The worst distortion occurs when a person has been hurt to such an extent that they supersize all potential lovers’ negative attributes and minimize their positives. When this occurs, the hurt person becomes repulsed from some truly nice people, because they see others not as they are, but as a repugnant caricature. The hurt person runs away in fear, because they believe every new suitor is the monster from their past that has returned to terrorize them yet again. In their mind’s eye, the heartbroken person believes that they are in a sequel to a horror film, like Friday the 13th Part 15; but in reality, nothing could be further from the truth. They are not at risk of being harmed by some maniac with a machete as they walk through the woods in high heels; the only person they are at risk of harming is themselves. While the perceiver believes they are simply protecting themselves by being hypervigilant to threats from potential suitors, they are actually hurting themselves by missing out on a potentially wonderful relationship by inflating a minor blemish in their admirer into a terminal deal breaking catastrophic relationship ending defect.

When a person goes looking for flaws, they will inevitably see them in others, because they can only see imperfection with their eyes. Such a search will always result in the searcher finding unhappiness and despair at the end of every quest, because a person will always find what they are looking for, a flawed person that they cannot love. Admittedly, no one is perfect, but most people are not fully faulty. If one is to locate love, they should look for the positives in a person. When a person finds someone that they value in a number of ways, they have usually found somebody to love. The key is to make sure that our past relational pains do not distort our vision of this person; otherwise, we might miss out on love.

Now some might ask why is all this sappy talk of love and feelings being mentioned in a political and economic newsletter.  This metaphor is mentioned because finding someone to love is like finding a political candidate to support. If a person follows politics long enough, it will only be a matter of time before a candidate disappoints them. Those in the know; know what I am talking about.
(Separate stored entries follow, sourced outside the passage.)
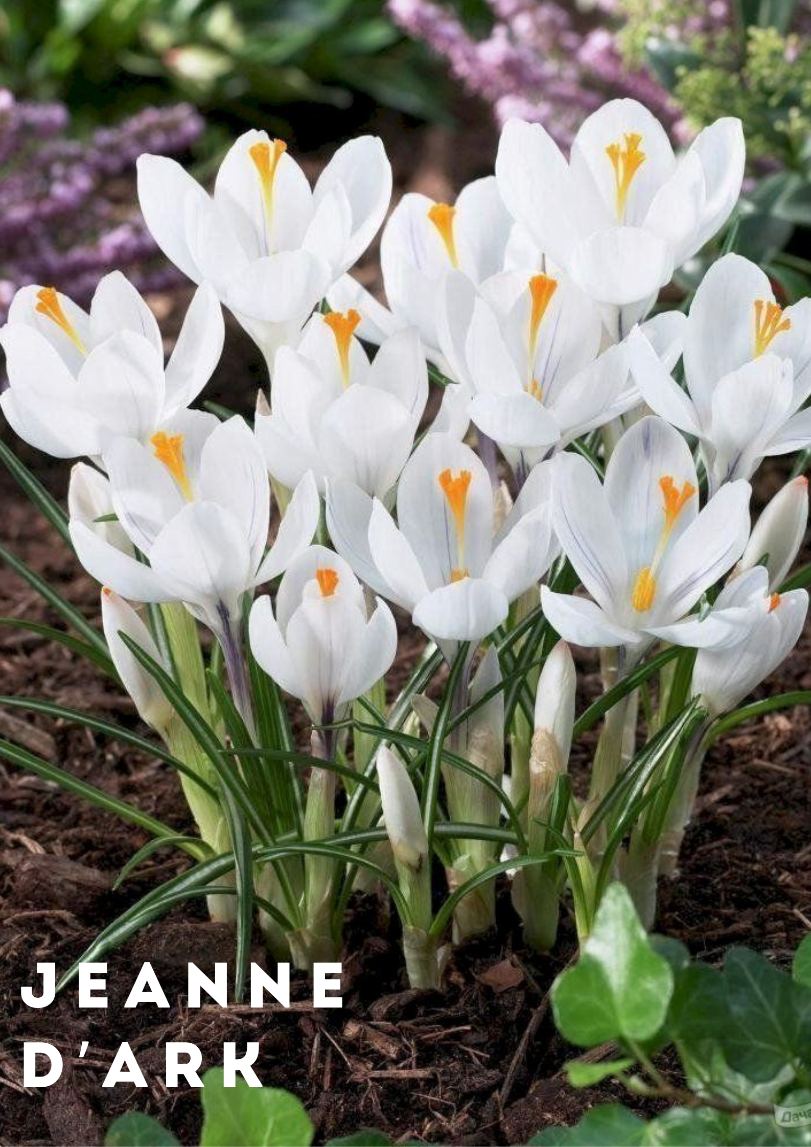 Крокус Jeanne d’Arc — элегантный сорт группы Vernus с крупными белыми цветками и яркой оранжевой серединой, один из первых украшает сад ранней весной и отлично подходит для клумб, газонов, альпийских горок и контейнерного выращивания.
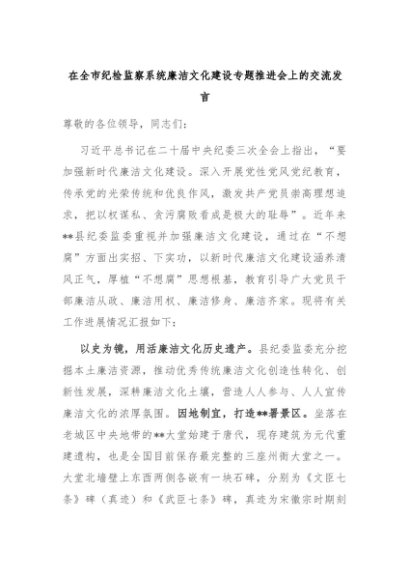 【七哥公文】2024年:在全市纪检监察系统廉洁文化建设专题推进会上的交流发言+更多免费公文+VX:QiGeGongWen2024
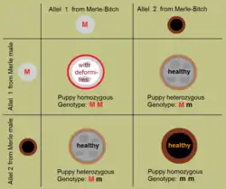 Merle é na verdade um heterozigoto de um gene incompletamente dominante.[8] Se dois desses cães forem acasalados, em média, um quarto dos filhotes será "merle duplo", que é o termo comum para cães homozigotos de merle,[9] e uma alta porcentagem desses filhotes pode ter defeitos oculares e/ou surdez. Criadores experientes e responsáveis que querem produzir filhotes merle, acasalam um cão merle com um cão não-merle; cerca de metade dos filhotes serão merle e nenhum deles terá defeitos de visão ou de audição associados a cães duplo merle.[10]
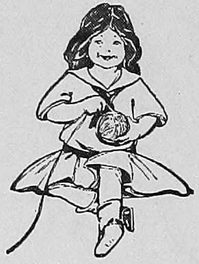 Pompons: Cut 2 round pieces 1¼ inches in diameter from thin cardboard and make a hole in center ⅜ of an inch. Use the yarn double and sew over and over until the hole is filled. Cut the threads between the cardboards, take a strong linen thread and wind around between boards a few times and tie. Remove the cardboards, trim ball even and fasten to cord.

The dashing young candidate comes on the seen with a big smile on his face and says all the right things. He looks into your eyes and tells you all the promises that you have been waiting for someone to whisper into your ear. They make you feel special, like you are the only one in the room when you hear them speak at political rallies. Before you know it, you are head over heels for them. You feel joyful, almost giddy, as you work on their campaign, walking door to door and making telephone calls upon their behalf. Things are great, and you let everyone know this by constantly posting about your special candidate on Facebook to the point that a number of friends have blocked your updates from their news feed, but you do not care because you are in love. When the candidate is finally elected, you feel like you are on top of the world.

The campaign period is the honeymoon period of the relationship. During this time, you have been seduced by the candidate and were unable to notice the tinniest imperfection in them. But after the election, you start to notice that the love of your life is not all that you had hoped they would be; no longer is everything rainbows and butterflies. This reality can be quite jarring and disappointing. They do not do all that they promised to do. It can even come to the point where you can no longer stay with them and have to move on.

After such a betrayal, a person can become hypervigilant for signs of future disappointments in all candidates that they see. Every candidate is now viewed with suspicion and a bit of contempt, if not scorn. The doubt that is held in the heart of many after such disillusionment leads them to reject all candidates as they close their heart to all future politicians.

Love and politics can hurt a person, but are past heartaches a reason to run away from all candidates or lovers in the future? Should we allow the actions of one to give love and politics a bad name? We all have been injured at some time in one or both of these domains, but what should someone do after they have been hurt? Should they search for flaws and reject everyone who is not perfect or should they accept a few flaws and find somebody to love?